The geography, where Turkish is spoken, in general terms is known as particularly Turkey, and the Balkans, Cyprus and within the borders of the former Ottoman Empire located in the Middle East. It is known that there are approximately 100,000 Turkish speaking people in the world, placing Turkish among the top 20 most spoken languages. With a national official language status in Turkey, the Republic of Cyprus and Northern Cyprus, Turkish language should have been a language officially recognized by the European Union as well, as it was considered an official language essentially according to the provisions of the Constitution of Cyprus of 1960. However, for political reasons that are still inexplicable, Turkish is not accepted as an official language in the European Union.

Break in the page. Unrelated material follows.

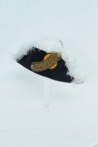 r.z. oranje cocqarde met daaroverheen goudgalon, o.z. vastgezet met koperen knoop, in voering staat Empire steek over de gehele lengte bovenop versierd met witte struisvogelveren hierbij hoort generaalspluim 1991.04.07 b

Grammatical Features of Turkish

Turkish has common grammatical features with many Turkic languages. Examples include features such as agglutinative structure of words and vowel harmony. It has a sequence such as “subject-object-predicate” as sentence structure. However, it is also accepted as one of the most flexible languages worldwide in terms of syntax. For example, with a sentence as “Kaplan avcıyı öldürdü” (“The tiger killed the hunter”), as it is seen from the variety of sentences below created with the exact same words, different meanings can be captured with many intonations and syntax, although they express the same judgment:

“Kaplan öldürdü avcıyı”

“Avcıyı kaplan öldürdü”

“Avcıyı öldürdü kaplan”

“Öldürdü kaplan avcıyı”

“Öldürdü avcıyı kaplan”

Loanwords in Turkish

Turkish is a language influenced by many languages in terms of its vocabulary features. There are vocabularies borrowed from foreign languages such as Latin, Persian, French, English, and particularly Arabic. In addition, there is no grammar rule indicating masculine/feminine forms in Turkish, as opposed to some languages such as German. According to the current Turkish dictionary issued by the Turkish Language Association, 14% of the words in Turkish are those taken from different languages such as Persian, French, Greek, and particularly Arabic, while 86% of them are of Turkish origin.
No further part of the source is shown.